:: INFORMATION SUPPLIED
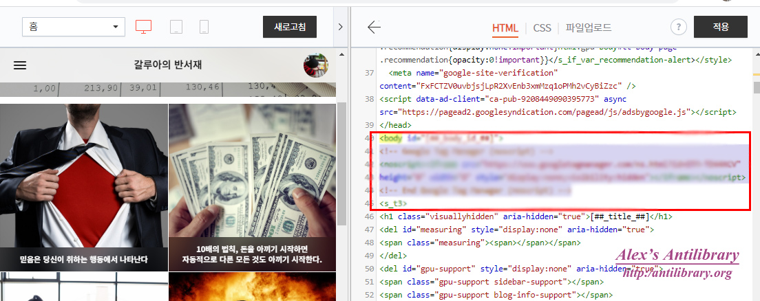 다음으로 하단의 태그는 <body> 태그 바로 뒤에 코드를 붙여넣는다..
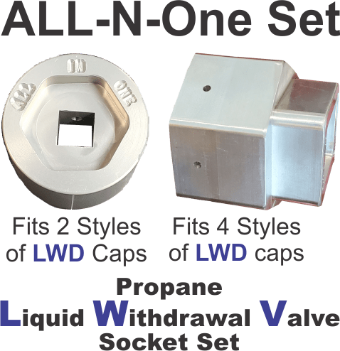 The Propane-ALL-N-ONE-socket set has been designed to be used on 6 of the most common liquid withdrawal valve caps in use today.
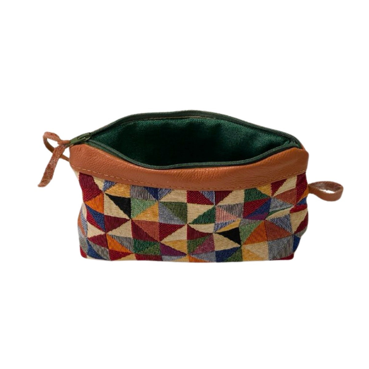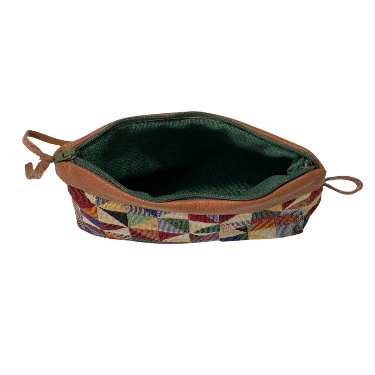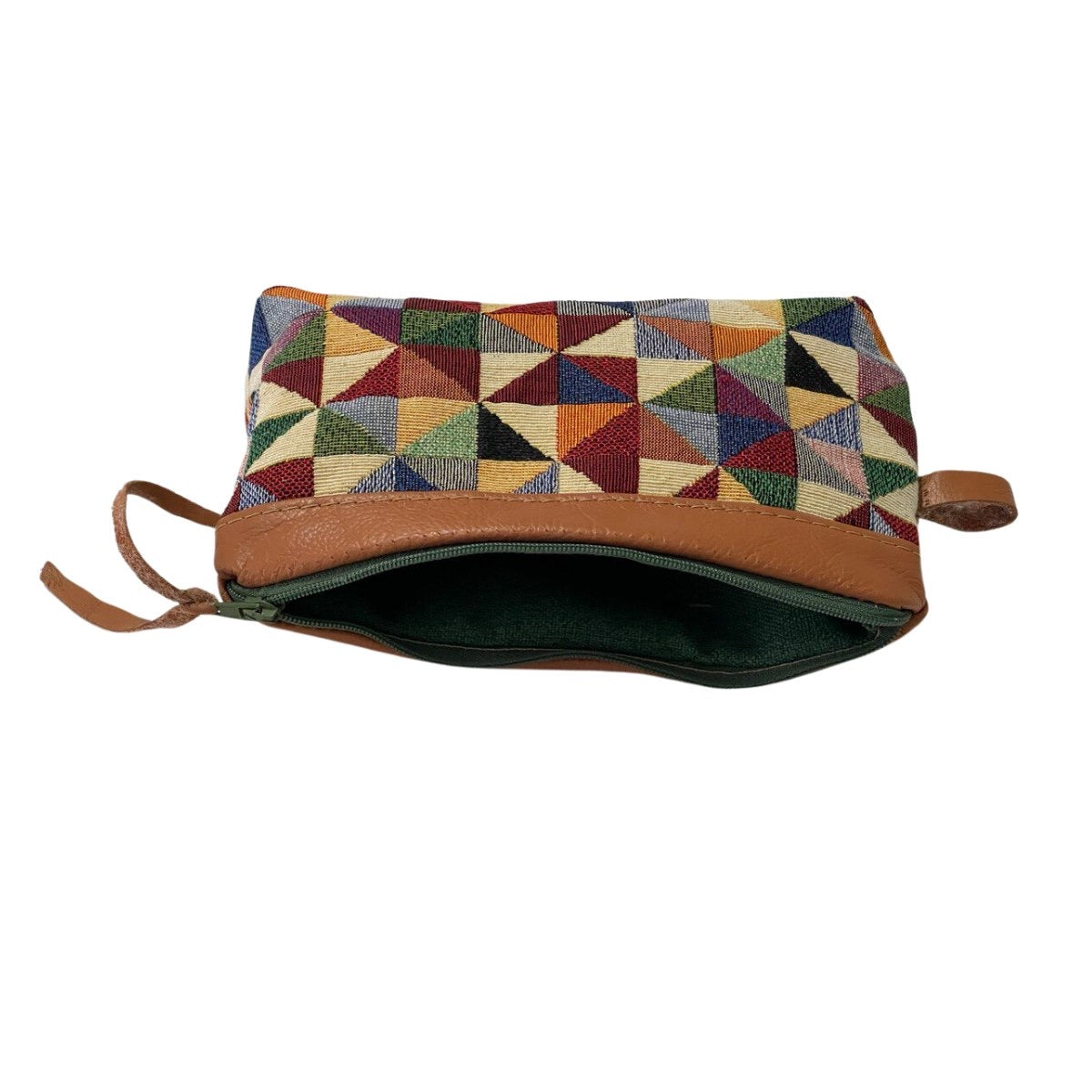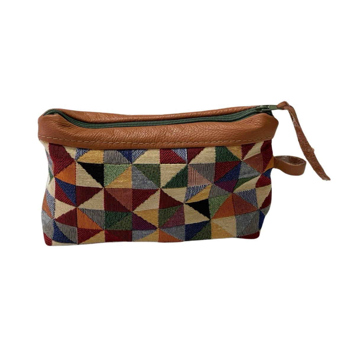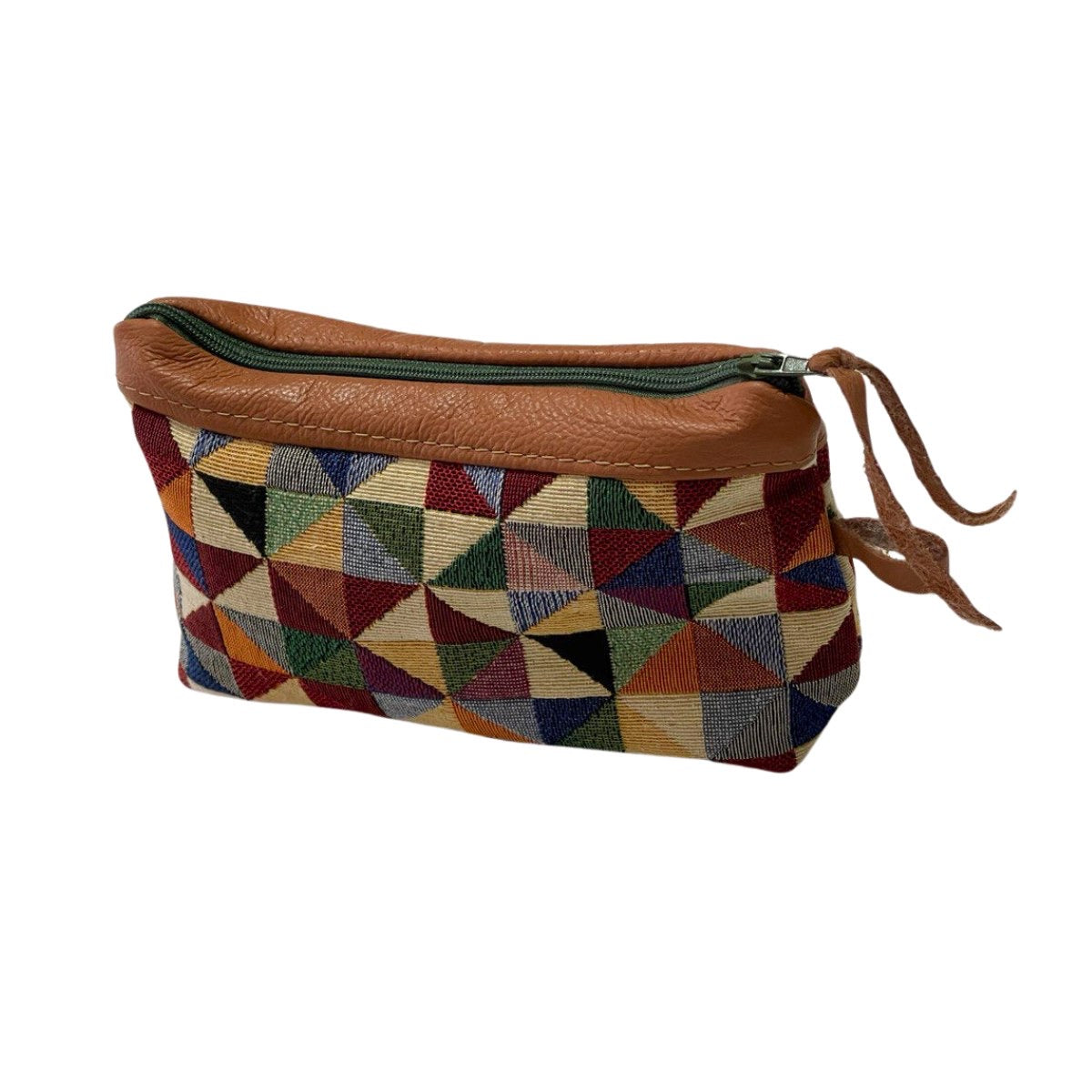 Diese wunderschöne Multifunktionstasche wurde aus hochwertigem Teilleder und Gobelin in Handarbeit gefertigt. Die Tasche hat eine Breite von 20,5 cm und eine Länge von 13 cm und bietet viel Platz für deine wichtigsten Dinge. Das Design entspricht einem Geometriemuster.
::::
EXERCISE DIRECTIONS: Reproduce the listing exactly, but omit every picture in it.

TASK OUTPUT:
 다음으로 하단의 태그는 <body> 태그 바로 뒤에 코드를 붙여넣는다..
 The Propane-ALL-N-ONE-socket set has been designed to be used on 6 of the most common liquid withdrawal valve caps in use today.
 Diese wunderschöne Multifunktionstasche wurde aus hochwertigem Teilleder und Gobelin in Handarbeit gefertigt. Die Tasche hat eine Breite von 20,5 cm und eine Länge von 13 cm und bietet viel Platz für deine wichtigsten Dinge. Das Design entspricht einem Geometriemuster.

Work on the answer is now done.